Grèce : Grève d’avertissement pour l’Europe

Grèce : Grève d’avertissement pour l’Europe

 

Un Grève générale aujourd’hui en forme d’avertissement pour l’UE ; les grecs ne supportent plus l’austérité imposée par l’Europe qui se traduit notamment par un taux de chômage de 27% (plus de 50% chez les jeunes).  La journée d’action, la première de l’année, à l’appel des centrales syndicales du public, Adedy, et du privé, GSEE, doit perturber les transports, notamment aériens du fait d’arrêts de travail en cours de journée des aiguilleurs du ciel.  Les trains et dessertes urbaines seront affectées, tandis que les bateaux desservant les îles doivent rester à quai.  Succédant à une grève générale en novembre, et à plus d’une dizaine depuis le début de la crise grecque en 2010, le débrayage doit culminer avec une manifestation dans le centre d’Athènes à la mi-journée.  Il doit aussi perturber le fonctionnement des administrations, écoles et hôpitaux, tandis que les syndicats d’avocats et de commerçants s’y sont ralliés.

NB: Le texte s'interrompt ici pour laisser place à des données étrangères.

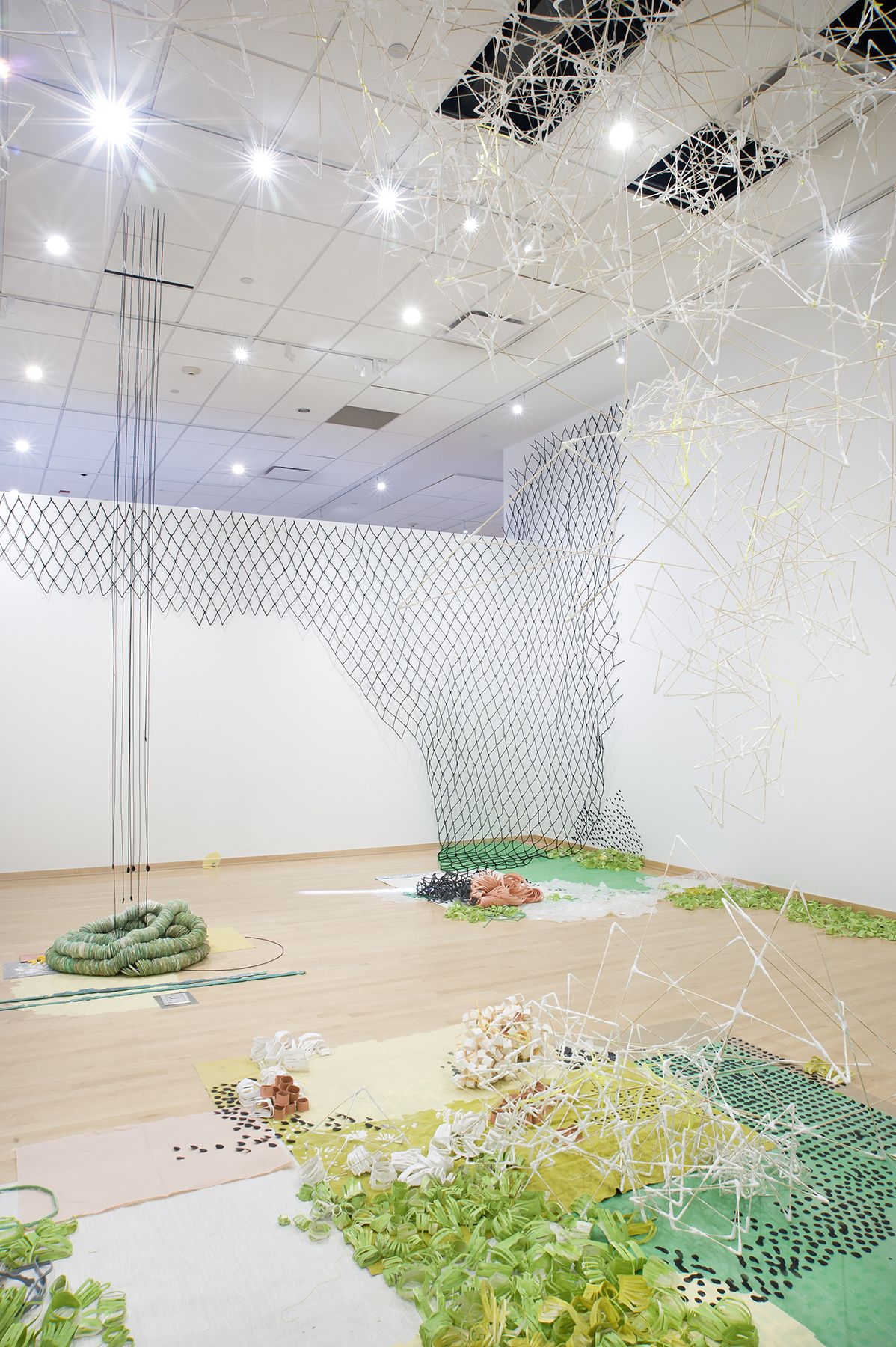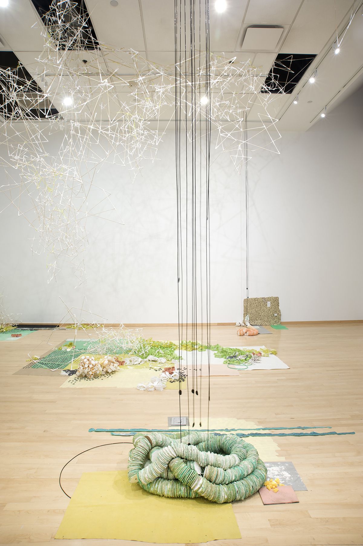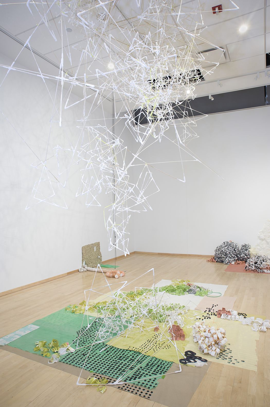 For the past two years I have switched gears, moving away from embroidery and trying some new ways of making. Still thinking of my work as an attempt to draw in space, I have been making installations and objects by folding, cutting, coating and stacking different types of materials.  I’ve been thinking a lot about the space of the studio and how it becomes a place of improvisation, testing, and questions. I am simultaneously making and unmaking in my constant rearrangement of objects and materials. Through incorporating elements that have a range of my intervention at different states of completion in this installation, I’m looking to disrupt the illusion of the final polished artwork, leaving room for possibility.

Arqués contre le nouveau train d’austérité que le pays surendetté a dû adopter cet automne pour rester sous perfusion financière internationale, la GSEE et l’Adedy avaient appelé à cette mobilisation en riposte à la décision du gouvernement de briser deux récentes grèves, du métro d’Athènes et des marins, en recourant à la réquisition.  La GSEE a assuré dans un communiqué lutter « pour les conventions collectives, des mesures contre le chômage », dont le taux a explosé à 27%, « et pour la sauvegarde des droits démocratiques ».  L’Adedy entend aussi faire barrage à des licenciements dans la fonction publique, dont les créanciers veulent réduire la taille.  Alors que le pays traverse sa sixième année de récession, le principal parti d’opposition, le Syriza, de gauche radicale, a appelé à une mobilisation massive pour « faire tomber le plus vite possible » le gouvernement de coalition droite-gauche modére emmené par le conservateur Antonis Samaras.  La police a prévu un important dispositif pour prévenir les débordements, fréquents lors des manifestations anti-austérité en Grèce.  La grève constitue un avertissement social avant l’arrivée attendue d’ici début mars à Athènes de la troïka des créanciers (UE-BCE-FMI), qui doit juger du respect par Athènes de ses engagements de rigueur et réformes, conditionnant la poursuite du versement des prêts UE-FMI, censés atteindre d’ici 2014 un total de 240 milliards d’euros.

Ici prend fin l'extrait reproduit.